- WHAT THE TASK REQUIRES -
Return only the lines below starting at the line containing "LIFLIX 猫 爪研ぎ" and ending at the line containing "Cityscape Sunset Silhouette", both included, exactly as they are and with no pictures.

**** RAW DATA ****

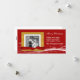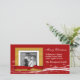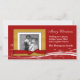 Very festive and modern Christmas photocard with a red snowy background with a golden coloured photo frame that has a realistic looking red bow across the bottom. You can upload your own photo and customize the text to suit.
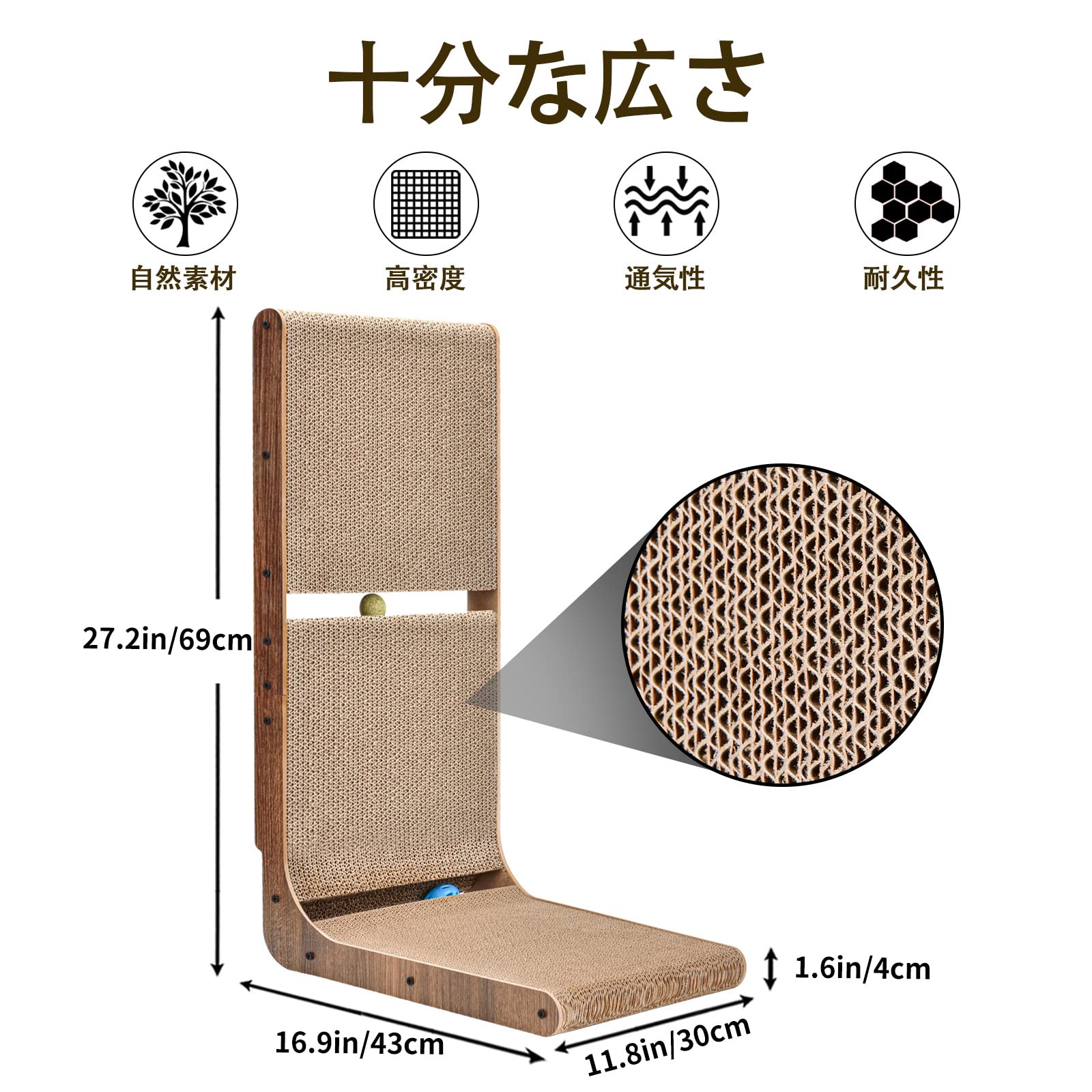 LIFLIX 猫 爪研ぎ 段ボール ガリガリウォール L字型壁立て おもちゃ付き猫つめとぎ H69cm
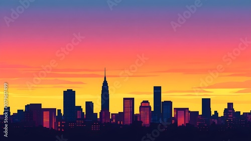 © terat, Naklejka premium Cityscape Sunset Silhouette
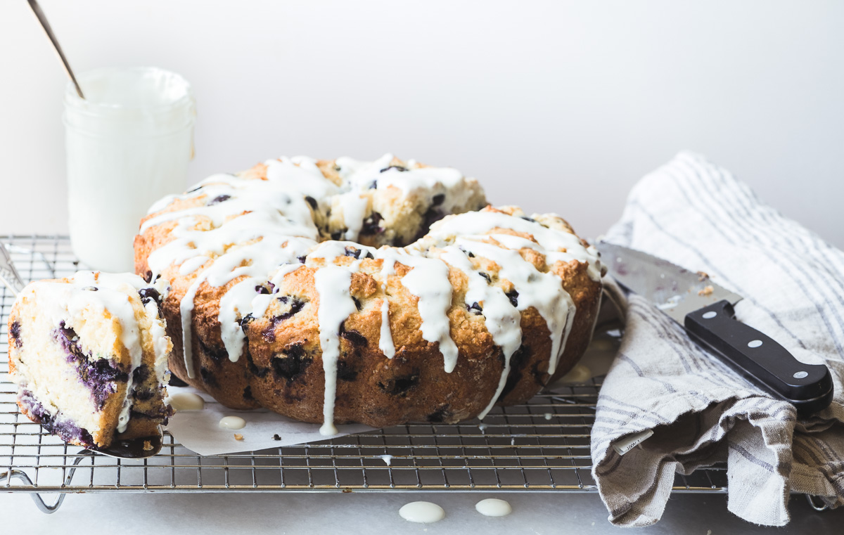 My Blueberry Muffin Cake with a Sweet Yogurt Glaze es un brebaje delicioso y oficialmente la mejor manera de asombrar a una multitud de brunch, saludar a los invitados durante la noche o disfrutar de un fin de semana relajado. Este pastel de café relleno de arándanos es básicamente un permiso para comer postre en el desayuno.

****

- EXERCISE RESULT -
 LIFLIX 猫 爪研ぎ 段ボール ガリガリウォール L字型壁立て おもちゃ付き猫つめとぎ H69cm
 © terat, Naklejka premium Cityscape Sunset Silhouette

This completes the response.